What is expected: Each record is to be printed again exactly, though not its pictures.

Given data Start Marker

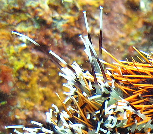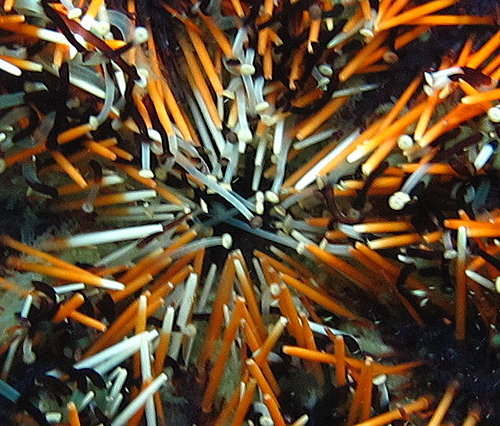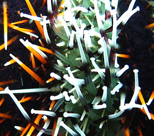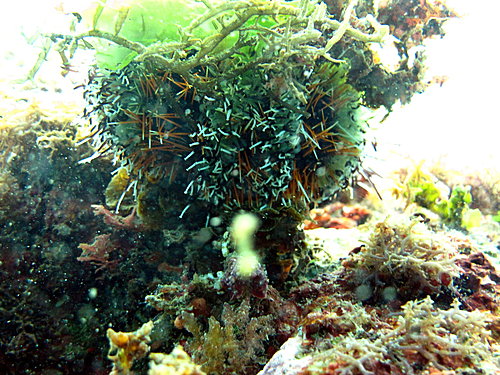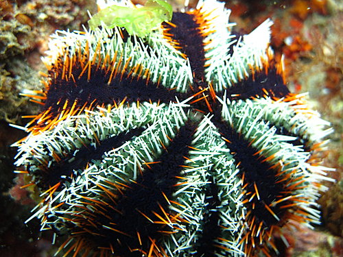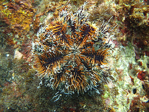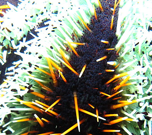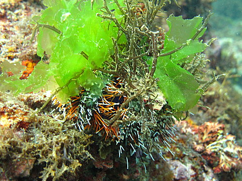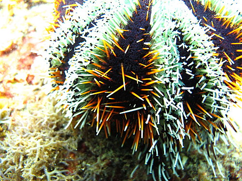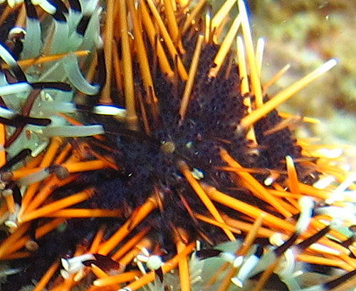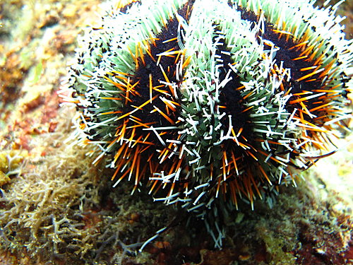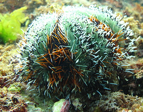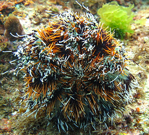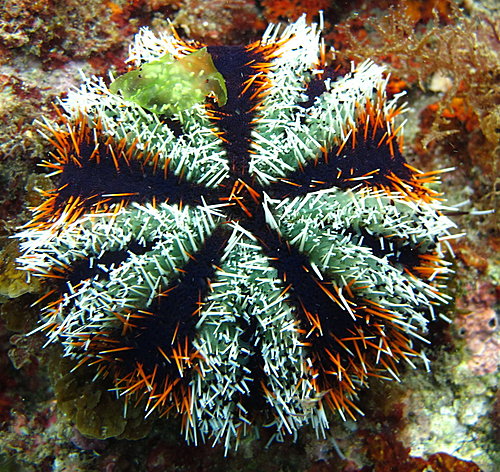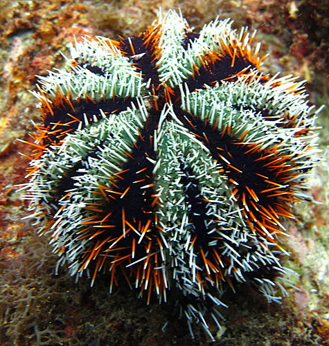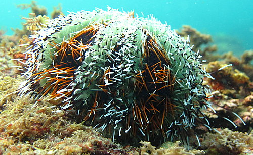 形態特徵: 生活於珊瑚礁區及礁石區,常見於潮池及沿岸水深約10公尺以內的較淺水域(在小琉球地區常見其出現於海草叢中)。本種為大型海膽,成體體殼直徑可達12公分左右,體高達5~ 6公分左右。間步帶的大疣在赤道部排列為6~8個不整齊的縱行,大棘細而短,末端較鈍,不易傷人,顏色一般則為白色或橙紅色。反口面的大棘短而尖銳,長約1公分,表面有細橫紋;口面的大棘則稍鈍。體殼表面常呈紫色 ,但變異非常大。以大型藻類為主食,進食速度快。管足吸附力強,常將海藻、碎木片或垃圾吸附在身上。本種在台灣的生殖季節為8~9月(Chen,1989),其生殖腺可供食用,成熟時肥大味美,日本人將其稱為『雲丹』。
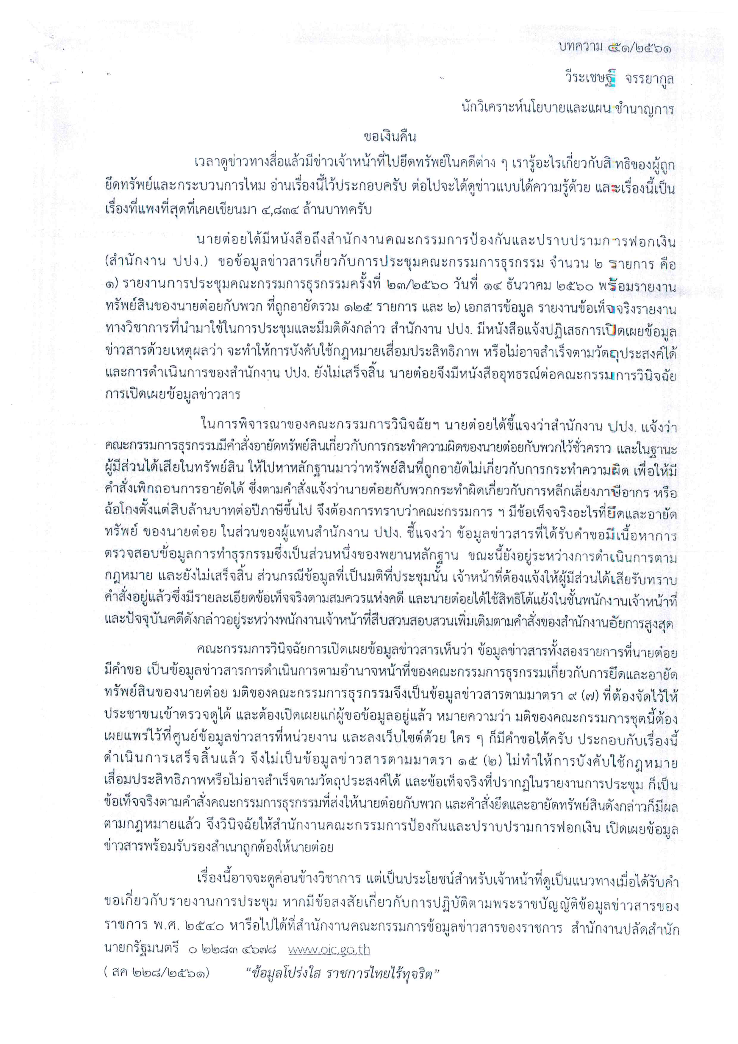 - บทความเรื่อง ขอติดค้างไว้ก่อน
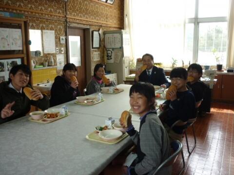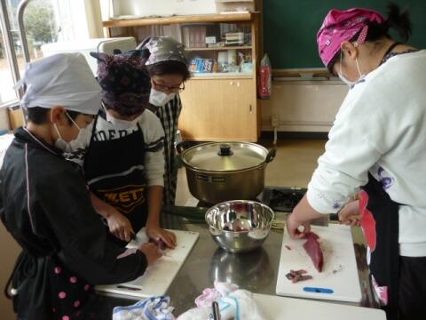 地域の食文化に触れる体験として、総合的な学習の時間に「かつおめし作り」をしました。外浦漁協女性部の方々や学習支援ボランティアの皆さんにご協力いただきながら、学習を進めました。漁協の方が、一本10㎏のかつおをさばく時は、子どもたちもびっくりしながら見入っていました。その後、子どもたちも包丁を使って、指導を受けながらかつおを切り身にしていきました。・・・とっても美味しいかつおめしができあがりました。
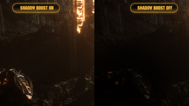 Technologia ASUS Shadow Boost rozjaśnia ciemne obszary w grze bez nadmiernego naświetlania jasnych stref. Nie tylko poprawia to ogólne wrażenia podczas oglądania, ale również ułatwia dostrzeganie wrogów ukrywających się w ciemnych częściach mapy.
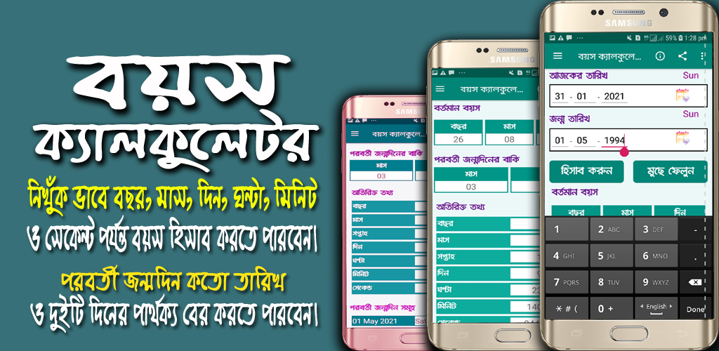 এই অ্যাপটি আপনার বয়স নির্ণয়ইদদদ বিভিন্ন প্রয়োজনীয় তথ্যসহদে বদ সহায়তা করবে। চাকরি、শিক্ষা、আবেদনপত্রবাবযকধদি প্রয়োজনে বয়স জানা এখন মাত্র এধ দ
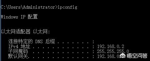 在开始运行中,输入“cmd”,在DOS窗口,通过“ipconfig”命令查看地址。
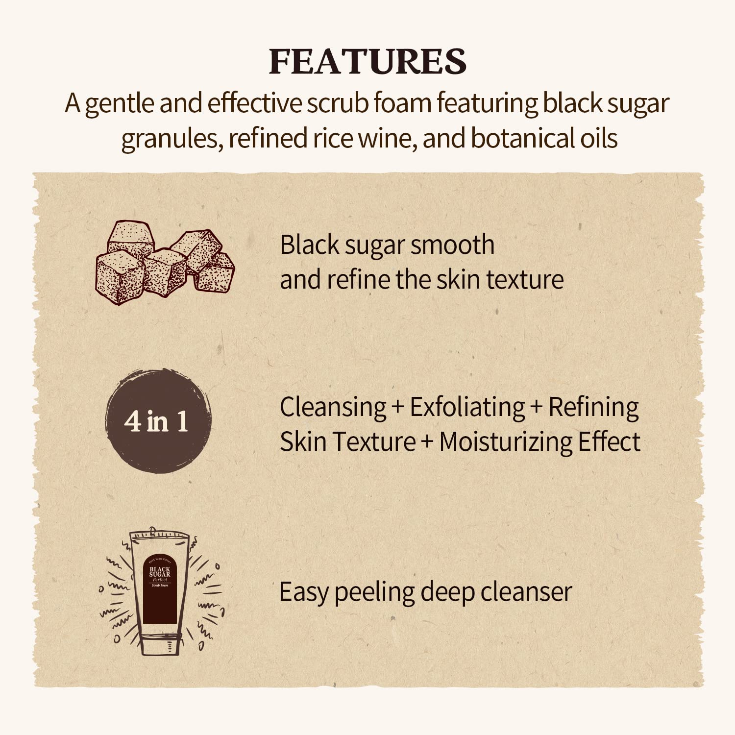 - A gentle creamy scrub foam featuring black sugar granules, refined rice wine, and botanical oils to remove dead skin cells and impurities.
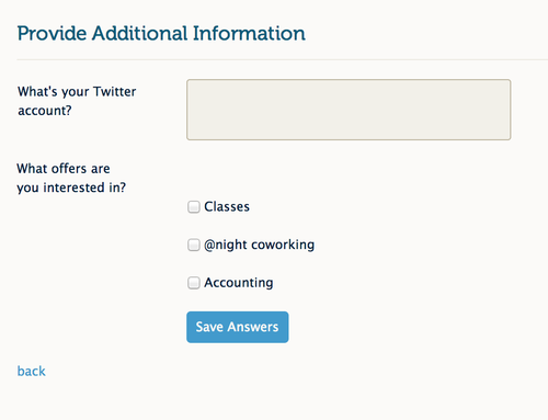 When new members sign up for your space Cobot can ask them a few questions on your behalf. A lot of spaces use this to ask for things like profession, social media accounts or to just get to know their prospective members better.
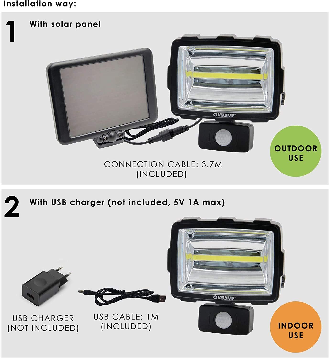 Il faretto LED con sensore di movimento viene fornito con un cavo USB. Questo ti permette di caricarlo comodamente dalla normale presa elettrica, ad esempio per poterlo utilizzare anche all'interno. Si collega a un normale caricatore 5V 1A (come quello che usi per lo smartphone). In questo modo sarà sempre operativo, anche all’interno e in zone non illuminate dalla luce solare.
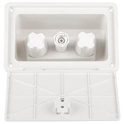 The Dura Faucet DFSA185WT Exterior Spray Box provides a convenient outdoor water source for your RV, camper, or trailer. This complete assembly includes a quick connect valve integrated into a durable weather-resistant housing, perfect for washing vehicles, rinsing equipment, or cleaning outdoor gear.
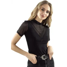Dámská viskózová halenka s krátkými rukávy a stó. Tylový výstřih a rukávy.

Given data End Marker

Solution to the exercise:
 形態特徵: 生活於珊瑚礁區及礁石區,常見於潮池及沿岸水深約10公尺以內的較淺水域(在小琉球地區常見其出現於海草叢中)。本種為大型海膽,成體體殼直徑可達12公分左右,體高達5~ 6公分左右。間步帶的大疣在赤道部排列為6~8個不整齊的縱行,大棘細而短,末端較鈍,不易傷人,顏色一般則為白色或橙紅色。反口面的大棘短而尖銳,長約1公分,表面有細橫紋;口面的大棘則稍鈍。體殼表面常呈紫色 ,但變異非常大。以大型藻類為主食,進食速度快。管足吸附力強,常將海藻、碎木片或垃圾吸附在身上。本種在台灣的生殖季節為8~9月(Chen,1989),其生殖腺可供食用,成熟時肥大味美,日本人將其稱為『雲丹』。
 - บทความเรื่อง ขอติดค้างไว้ก่อน
 地域の食文化に触れる体験として、総合的な学習の時間に「かつおめし作り」をしました。外浦漁協女性部の方々や学習支援ボランティアの皆さんにご協力いただきながら、学習を進めました。漁協の方が、一本10㎏のかつおをさばく時は、子どもたちもびっくりしながら見入っていました。その後、子どもたちも包丁を使って、指導を受けながらかつおを切り身にしていきました。・・・とっても美味しいかつおめしができあがりました。
 Technologia ASUS Shadow Boost rozjaśnia ciemne obszary w grze bez nadmiernego naświetlania jasnych stref. Nie tylko poprawia to ogólne wrażenia podczas oglądania, ale również ułatwia dostrzeganie wrogów ukrywających się w ciemnych częściach mapy.
 এই অ্যাপটি আপনার বয়স নির্ণয়ইদদদ বিভিন্ন প্রয়োজনীয় তথ্যসহদে বদ সহায়তা করবে। চাকরি、শিক্ষা、আবেদনপত্রবাবযকধদি প্রয়োজনে বয়স জানা এখন মাত্র এধ দ
 在开始运行中,输入“cmd”,在DOS窗口,通过“ipconfig”命令查看地址。
 - A gentle creamy scrub foam featuring black sugar granules, refined rice wine, and botanical oils to remove dead skin cells and impurities.
 When new members sign up for your space Cobot can ask them a few questions on your behalf. A lot of spaces use this to ask for things like profession, social media accounts or to just get to know their prospective members better.
 Il faretto LED con sensore di movimento viene fornito con un cavo USB. Questo ti permette di caricarlo comodamente dalla normale presa elettrica, ad esempio per poterlo utilizzare anche all'interno. Si collega a un normale caricatore 5V 1A (come quello che usi per lo smartphone). In questo modo sarà sempre operativo, anche all’interno e in zone non illuminate dalla luce solare.
 The Dura Faucet DFSA185WT Exterior Spray Box provides a convenient outdoor water source for your RV, camper, or trailer. This complete assembly includes a quick connect valve integrated into a durable weather-resistant housing, perfect for washing vehicles, rinsing equipment, or cleaning outdoor gear.
Dámská viskózová halenka s krátkými rukávy a stó. Tylový výstřih a rukávy.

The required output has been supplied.